__Information__.
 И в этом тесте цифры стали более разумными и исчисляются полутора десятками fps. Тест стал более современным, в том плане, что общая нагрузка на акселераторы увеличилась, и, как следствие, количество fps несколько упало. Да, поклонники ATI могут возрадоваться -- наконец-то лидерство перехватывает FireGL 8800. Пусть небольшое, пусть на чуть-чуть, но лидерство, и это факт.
--
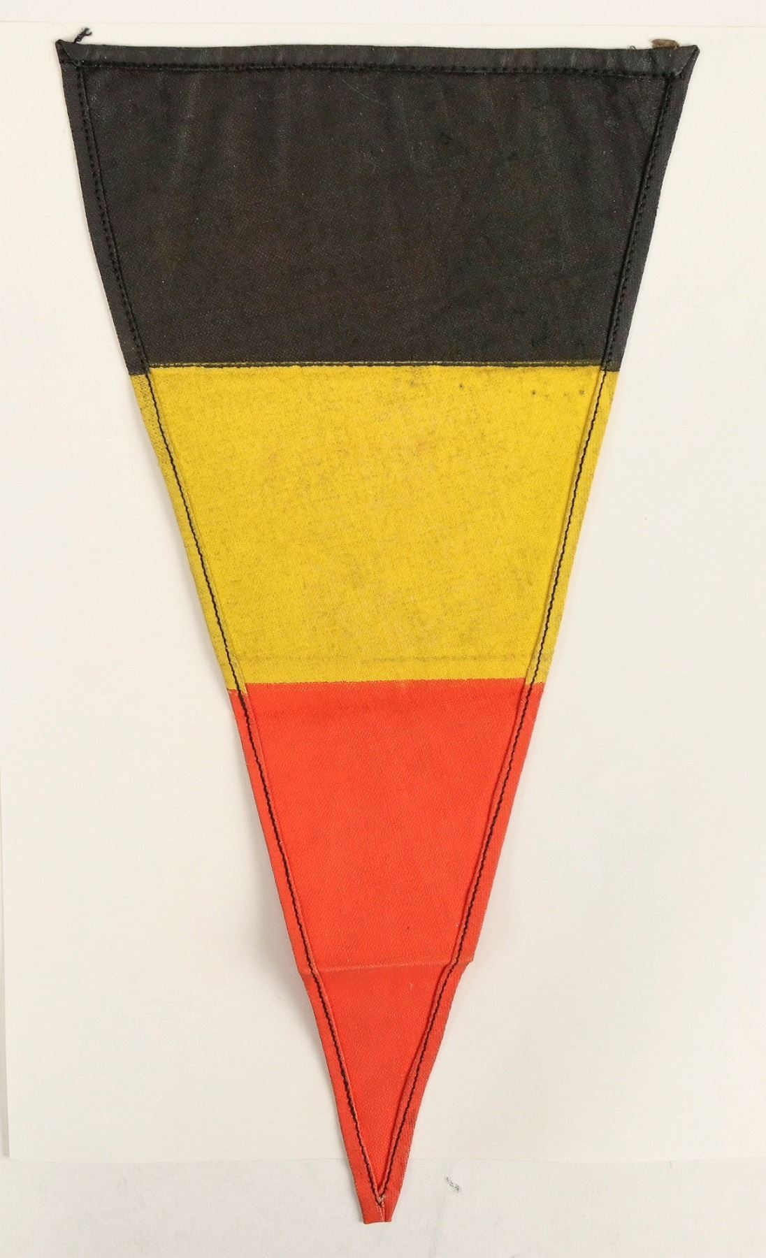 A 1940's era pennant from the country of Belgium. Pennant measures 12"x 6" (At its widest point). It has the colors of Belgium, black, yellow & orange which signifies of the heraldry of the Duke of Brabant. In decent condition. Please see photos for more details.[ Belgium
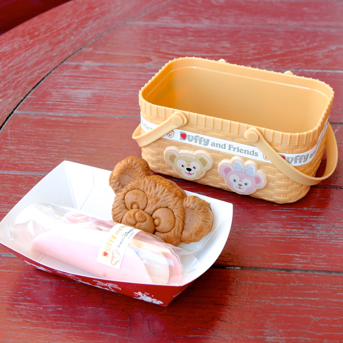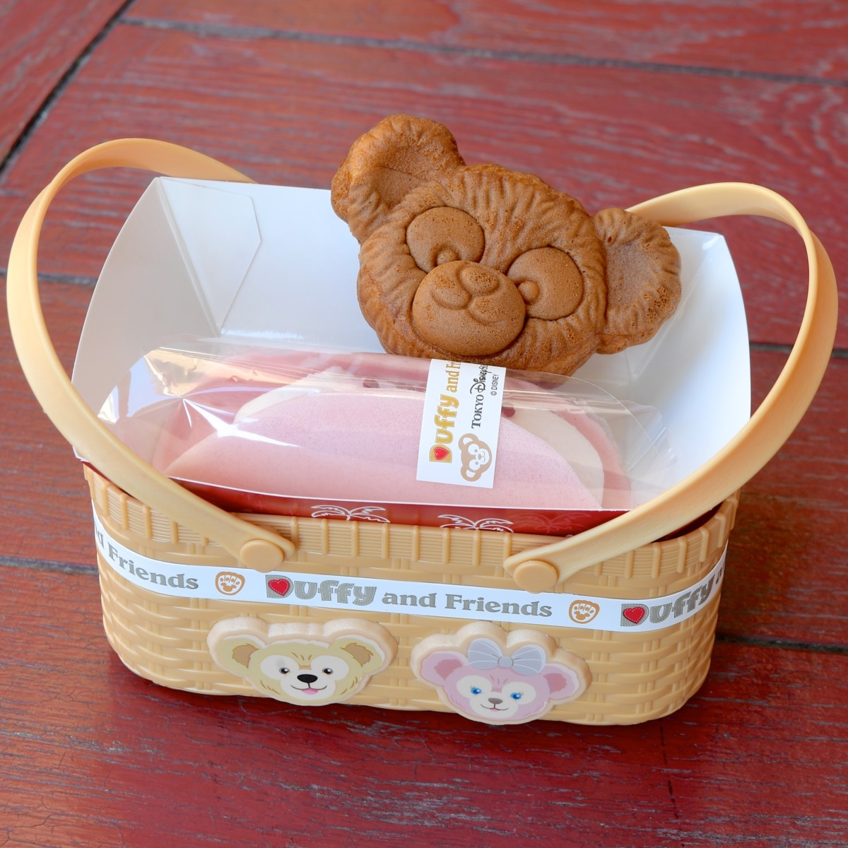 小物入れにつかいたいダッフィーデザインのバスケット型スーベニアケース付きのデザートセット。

__What you should do__.
Above are some entries. Restate word for word the lines from the one holding "A 1940's era" through the one holding "小物入れにつかいたいダッフィ", but not the pictures.

__Solved problem__.
 A 1940's era pennant from the country of Belgium. Pennant measures 12"x 6" (At its widest point). It has the colors of Belgium, black, yellow & orange which signifies of the heraldry of the Duke of Brabant. In decent condition. Please see photos for more details.[ Belgium
 小物入れにつかいたいダッフィーデザインのバスケット型スーベニアケース付きのデザートセット。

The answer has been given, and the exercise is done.